### Work required
Look below for the line that has "De kapperswinkel, olieverf". Set down the lines from there through the line that has "The network logs", exactly as written.

### Exercise materials
=== Begin Enclosure ===

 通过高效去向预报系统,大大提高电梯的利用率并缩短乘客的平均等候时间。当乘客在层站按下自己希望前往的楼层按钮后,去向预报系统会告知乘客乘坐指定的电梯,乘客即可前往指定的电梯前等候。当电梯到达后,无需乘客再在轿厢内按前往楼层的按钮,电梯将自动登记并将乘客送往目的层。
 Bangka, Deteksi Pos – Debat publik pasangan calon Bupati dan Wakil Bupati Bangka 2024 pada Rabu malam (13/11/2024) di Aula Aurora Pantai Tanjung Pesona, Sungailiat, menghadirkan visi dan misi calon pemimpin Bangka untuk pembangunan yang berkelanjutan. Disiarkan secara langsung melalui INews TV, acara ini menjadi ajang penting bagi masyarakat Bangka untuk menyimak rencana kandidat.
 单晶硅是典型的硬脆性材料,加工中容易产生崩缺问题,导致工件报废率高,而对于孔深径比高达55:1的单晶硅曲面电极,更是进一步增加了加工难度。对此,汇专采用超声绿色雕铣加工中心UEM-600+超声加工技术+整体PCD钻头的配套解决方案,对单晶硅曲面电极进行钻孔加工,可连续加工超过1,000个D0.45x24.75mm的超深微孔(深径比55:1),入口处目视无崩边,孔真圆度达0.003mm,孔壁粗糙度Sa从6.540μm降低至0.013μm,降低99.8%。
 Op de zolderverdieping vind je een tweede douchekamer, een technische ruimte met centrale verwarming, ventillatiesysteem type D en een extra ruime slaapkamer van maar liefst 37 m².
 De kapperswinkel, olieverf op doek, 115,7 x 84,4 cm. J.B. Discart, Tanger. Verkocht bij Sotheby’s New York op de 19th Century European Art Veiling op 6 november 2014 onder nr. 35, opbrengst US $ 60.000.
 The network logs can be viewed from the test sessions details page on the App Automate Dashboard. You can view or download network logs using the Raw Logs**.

=== End Enclosure ===
=== Begin Enclosure ===

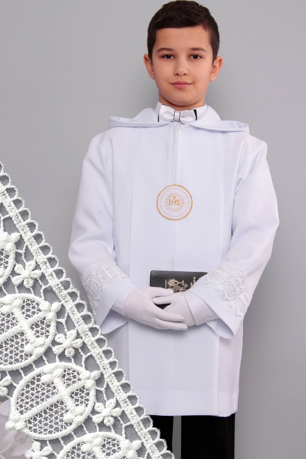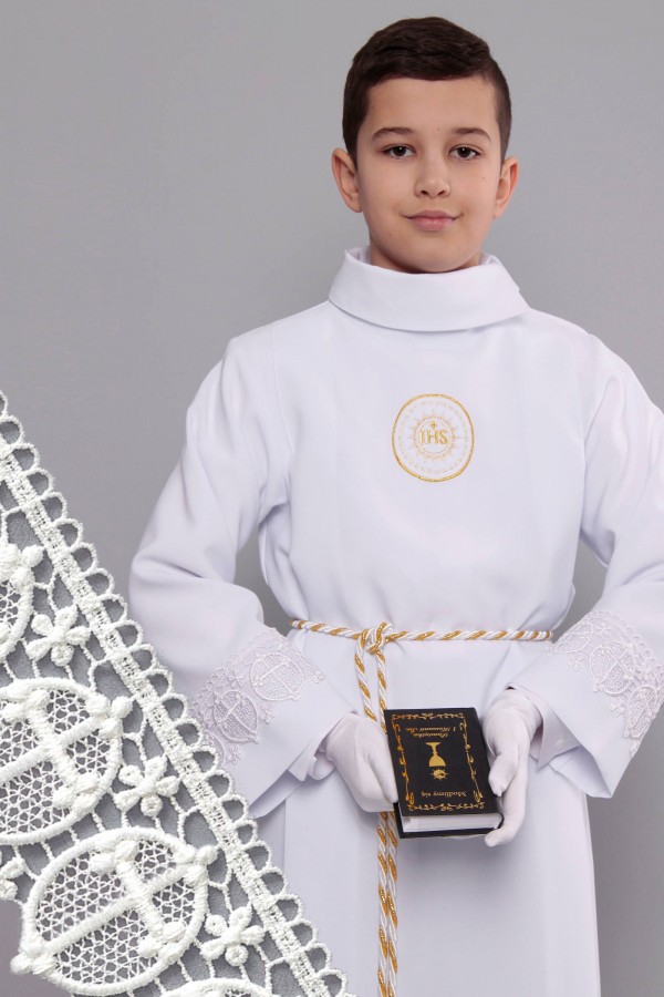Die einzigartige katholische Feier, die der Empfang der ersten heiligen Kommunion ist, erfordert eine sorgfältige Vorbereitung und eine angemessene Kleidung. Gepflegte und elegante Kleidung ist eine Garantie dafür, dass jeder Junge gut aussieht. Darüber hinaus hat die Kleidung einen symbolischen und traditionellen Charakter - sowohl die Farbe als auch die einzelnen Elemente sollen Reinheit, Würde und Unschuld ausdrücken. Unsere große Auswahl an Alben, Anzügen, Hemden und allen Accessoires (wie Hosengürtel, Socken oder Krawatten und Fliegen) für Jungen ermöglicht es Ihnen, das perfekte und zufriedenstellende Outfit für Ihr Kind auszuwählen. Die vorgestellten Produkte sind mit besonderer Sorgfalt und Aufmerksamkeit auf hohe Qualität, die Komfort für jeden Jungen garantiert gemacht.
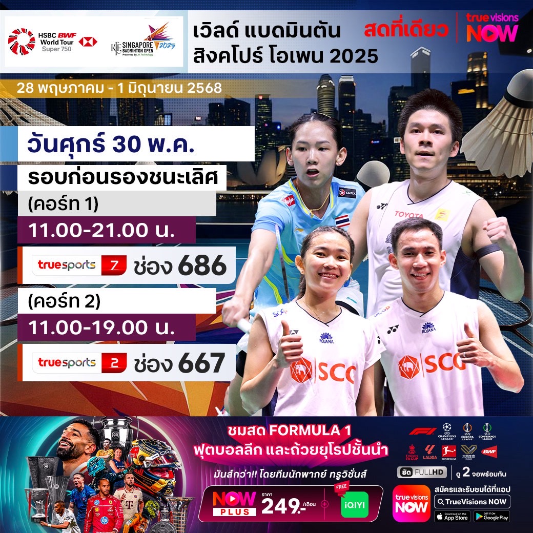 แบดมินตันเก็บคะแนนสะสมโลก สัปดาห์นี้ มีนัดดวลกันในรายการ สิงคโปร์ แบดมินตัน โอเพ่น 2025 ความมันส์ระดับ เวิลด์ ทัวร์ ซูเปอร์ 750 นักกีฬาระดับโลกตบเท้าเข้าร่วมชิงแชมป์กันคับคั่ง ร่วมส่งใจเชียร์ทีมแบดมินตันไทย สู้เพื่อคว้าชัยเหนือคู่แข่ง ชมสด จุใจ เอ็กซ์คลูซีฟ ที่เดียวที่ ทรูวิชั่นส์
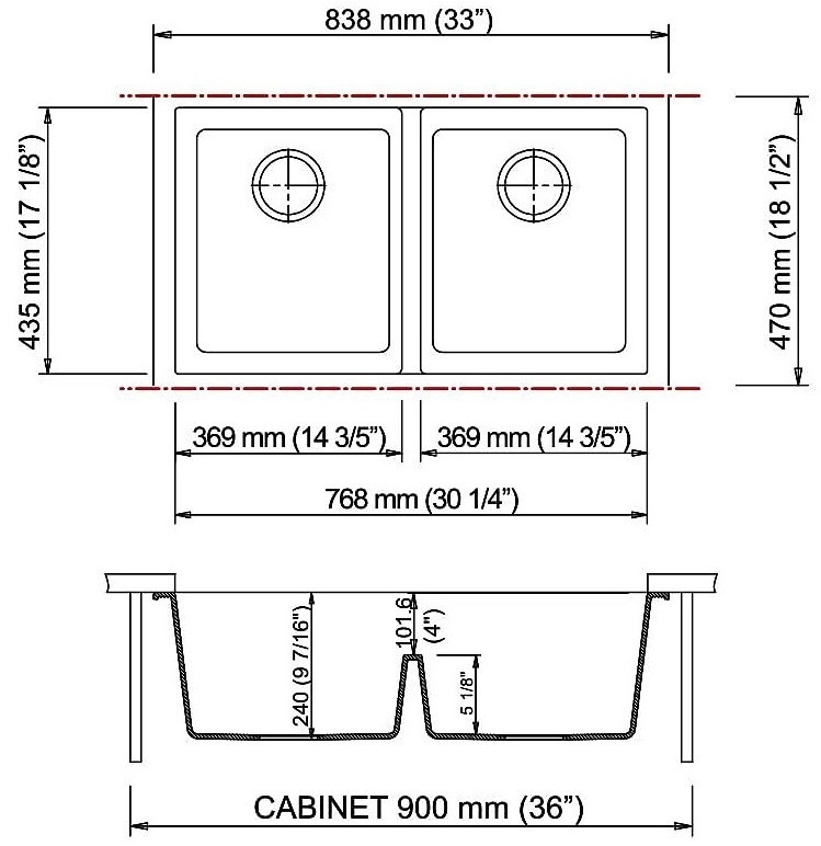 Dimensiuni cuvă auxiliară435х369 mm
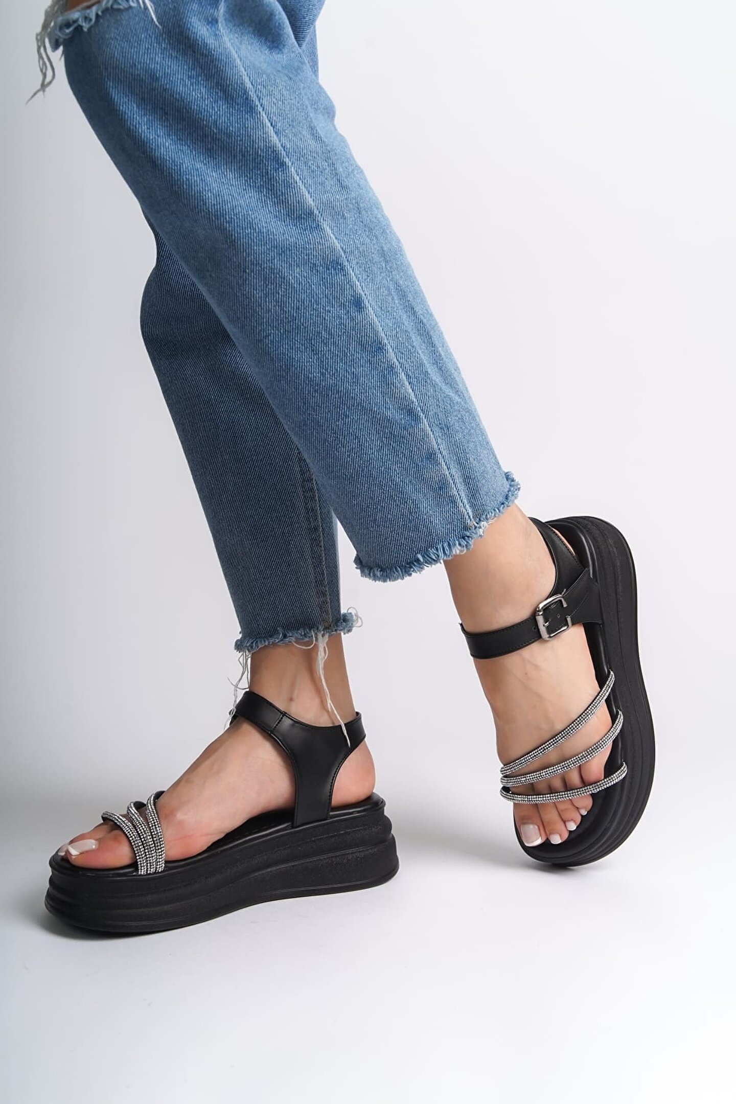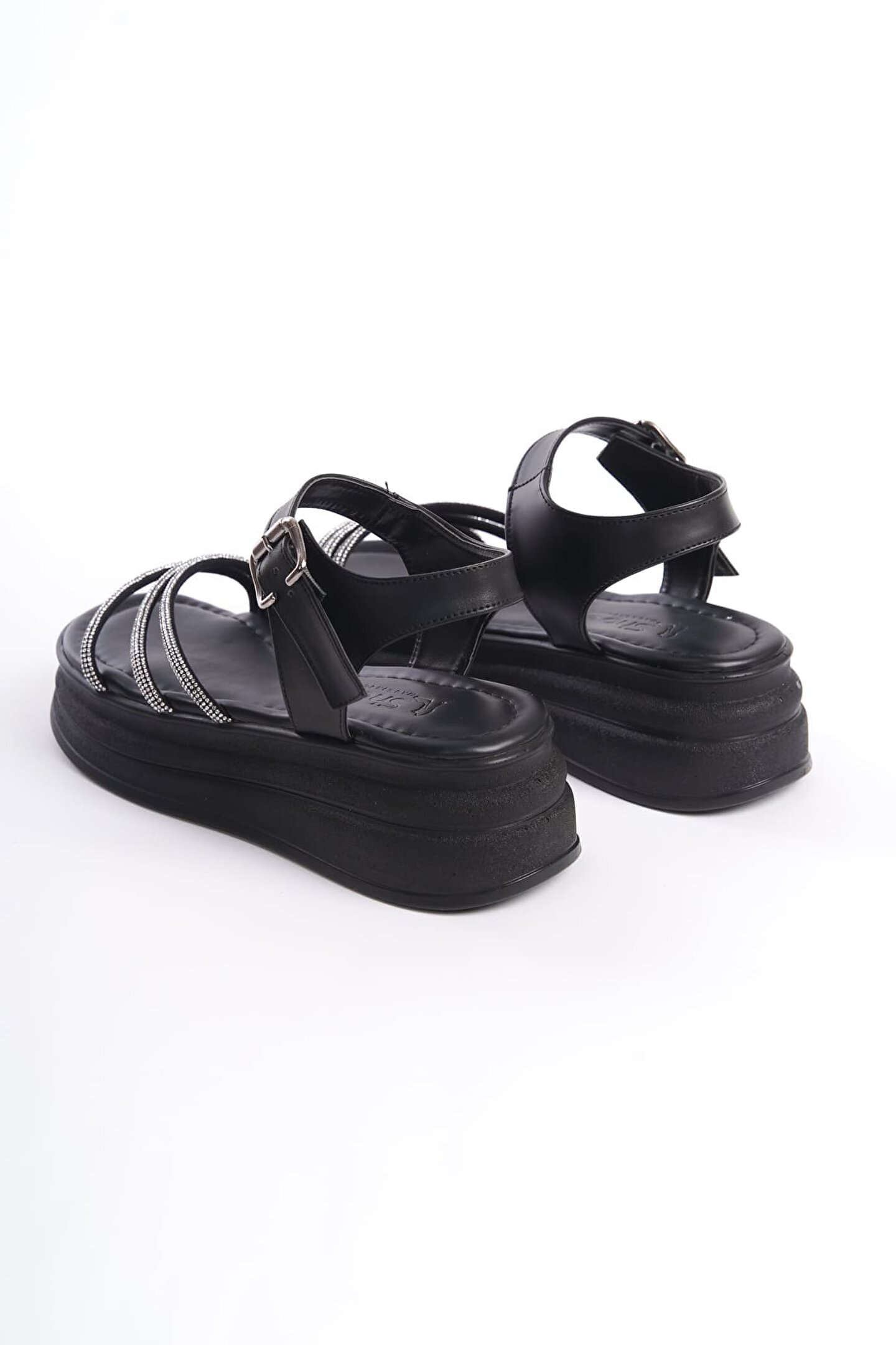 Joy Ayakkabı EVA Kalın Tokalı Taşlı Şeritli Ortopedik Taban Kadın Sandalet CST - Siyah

=== End Enclosure ===
=== Begin Enclosure ===

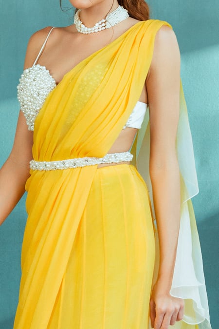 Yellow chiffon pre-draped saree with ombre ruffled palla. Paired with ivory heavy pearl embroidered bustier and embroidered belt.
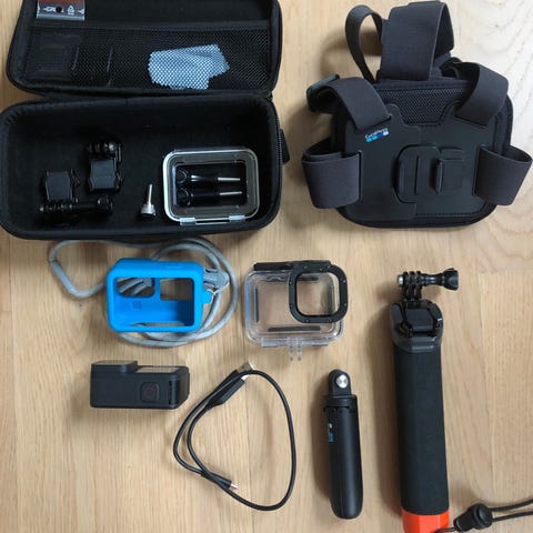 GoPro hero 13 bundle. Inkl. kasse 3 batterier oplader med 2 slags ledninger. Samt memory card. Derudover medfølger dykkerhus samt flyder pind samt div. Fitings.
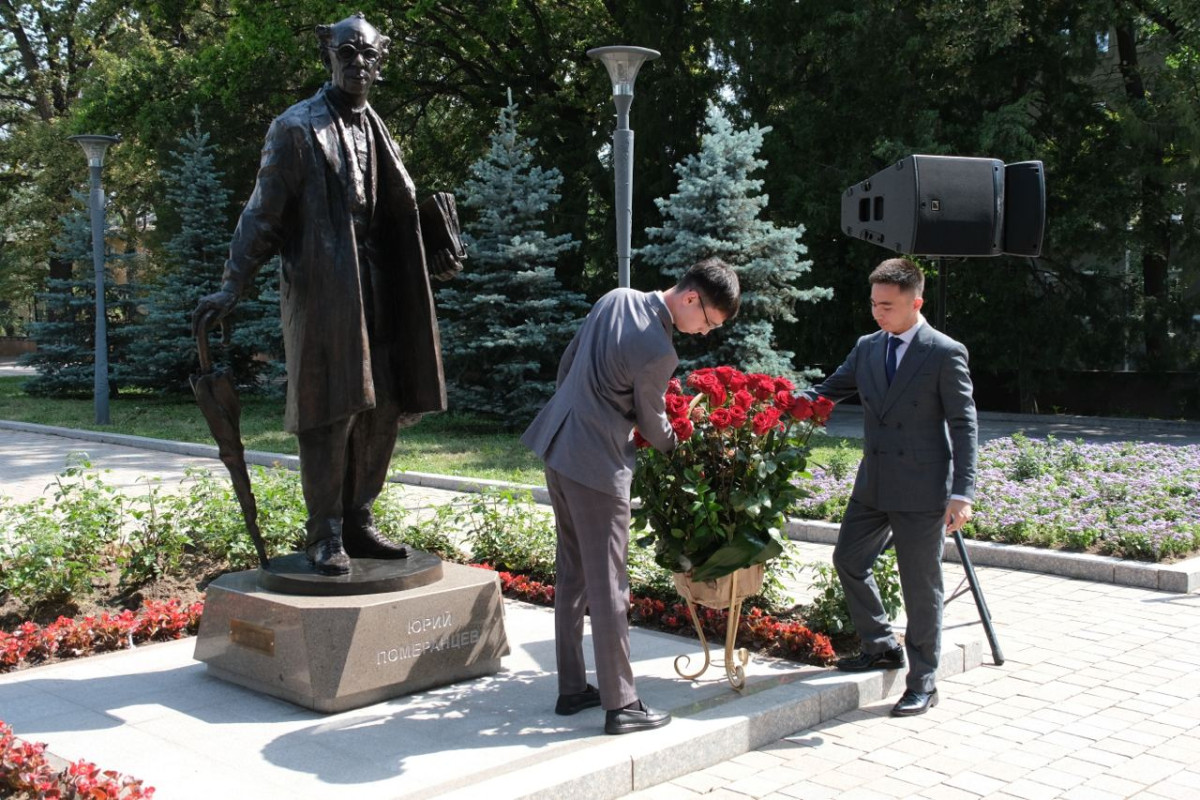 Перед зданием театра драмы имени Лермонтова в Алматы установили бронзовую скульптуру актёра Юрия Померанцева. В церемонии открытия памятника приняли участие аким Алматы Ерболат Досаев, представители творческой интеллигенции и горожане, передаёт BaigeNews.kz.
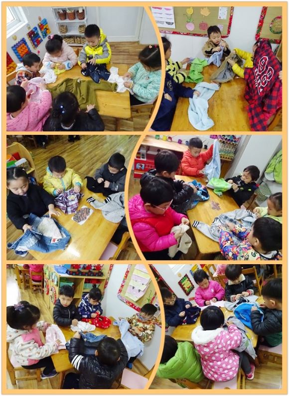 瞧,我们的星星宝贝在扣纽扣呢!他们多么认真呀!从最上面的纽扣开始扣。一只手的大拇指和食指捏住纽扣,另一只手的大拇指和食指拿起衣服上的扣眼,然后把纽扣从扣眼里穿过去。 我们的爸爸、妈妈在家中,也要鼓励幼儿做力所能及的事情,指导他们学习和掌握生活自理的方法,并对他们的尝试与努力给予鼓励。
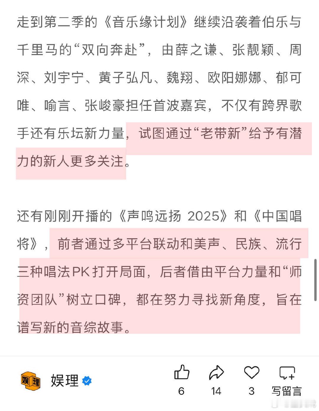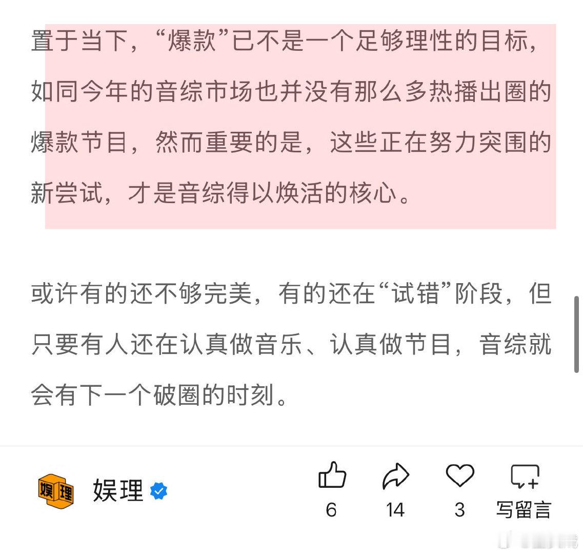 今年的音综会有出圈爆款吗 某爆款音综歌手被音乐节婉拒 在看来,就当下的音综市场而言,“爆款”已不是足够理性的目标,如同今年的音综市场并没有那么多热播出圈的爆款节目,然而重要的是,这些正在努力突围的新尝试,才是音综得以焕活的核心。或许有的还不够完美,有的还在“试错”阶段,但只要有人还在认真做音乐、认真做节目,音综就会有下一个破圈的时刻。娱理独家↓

=== End Enclosure ===

### Answer to this exercise
 De kapperswinkel, olieverf op doek, 115,7 x 84,4 cm. J.B. Discart, Tanger. Verkocht bij Sotheby’s New York op de 19th Century European Art Veiling op 6 november 2014 onder nr. 35, opbrengst US $ 60.000.
 The network logs can be viewed from the test sessions details page on the App Automate Dashboard. You can view or download network logs using the Raw Logs**.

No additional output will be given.